> [Given records]
[Start of section]

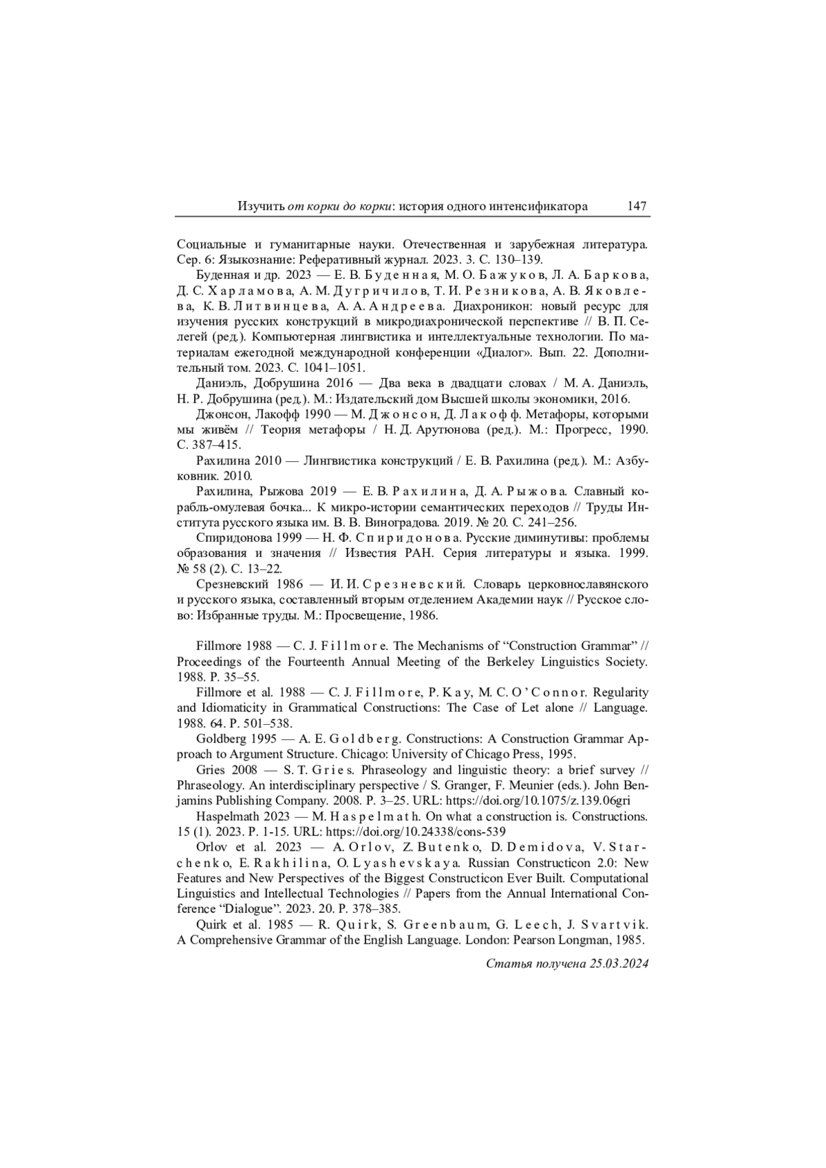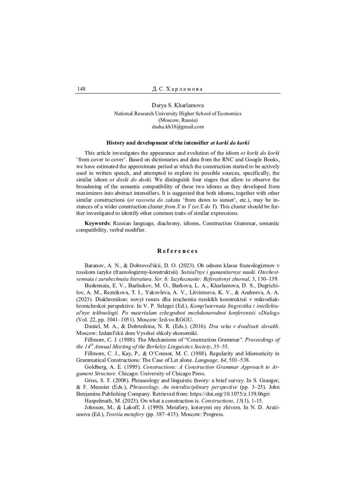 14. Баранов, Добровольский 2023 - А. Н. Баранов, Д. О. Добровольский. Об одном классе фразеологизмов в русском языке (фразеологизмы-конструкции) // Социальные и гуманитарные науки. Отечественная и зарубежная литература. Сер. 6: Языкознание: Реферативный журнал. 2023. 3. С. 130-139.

[End of section]
[Start of section]

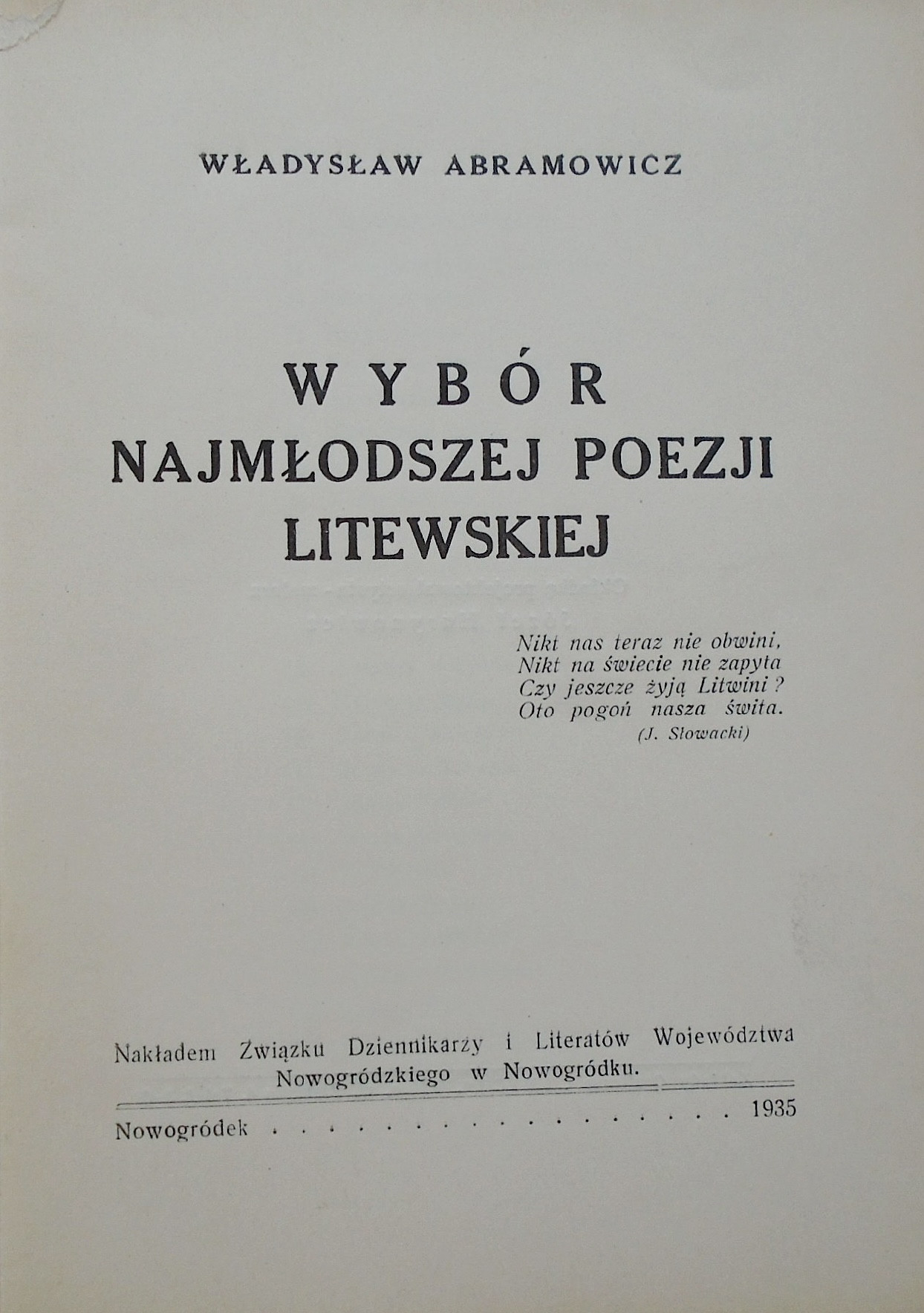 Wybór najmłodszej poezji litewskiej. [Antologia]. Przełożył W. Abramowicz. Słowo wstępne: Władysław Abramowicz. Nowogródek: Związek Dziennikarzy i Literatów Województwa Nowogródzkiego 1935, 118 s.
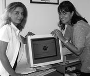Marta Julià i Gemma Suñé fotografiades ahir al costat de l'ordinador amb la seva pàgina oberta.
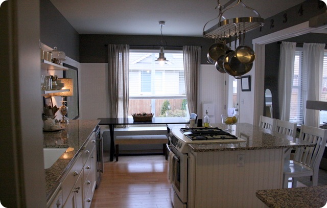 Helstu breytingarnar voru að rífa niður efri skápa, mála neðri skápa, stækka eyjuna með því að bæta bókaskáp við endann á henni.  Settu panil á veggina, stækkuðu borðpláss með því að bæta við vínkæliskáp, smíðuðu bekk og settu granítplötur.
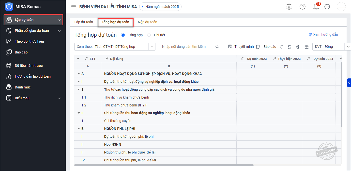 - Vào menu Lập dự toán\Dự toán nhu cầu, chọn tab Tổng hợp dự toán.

[End of section]

> [Exercise aim] Which part of the entries opens with the line containing "Wybór najmłodszej poezji" and closes with the line containing "- Vào menu Lập"? Output that part exactly, ends included, pictures excluded.

> [Solution to the problem]
 Wybór najmłodszej poezji litewskiej. [Antologia]. Przełożył W. Abramowicz. Słowo wstępne: Władysław Abramowicz. Nowogródek: Związek Dziennikarzy i Literatów Województwa Nowogródzkiego 1935, 118 s.
Marta Julià i Gemma Suñé fotografiades ahir al costat de l'ordinador amb la seva pàgina oberta.
 Helstu breytingarnar voru að rífa niður efri skápa, mála neðri skápa, stækka eyjuna með því að bæta bókaskáp við endann á henni.  Settu panil á veggina, stækkuðu borðpláss með því að bæta við vínkæliskáp, smíðuðu bekk og settu granítplötur.
 - Vào menu Lập dự toán\Dự toán nhu cầu, chọn tab Tổng hợp dự toán.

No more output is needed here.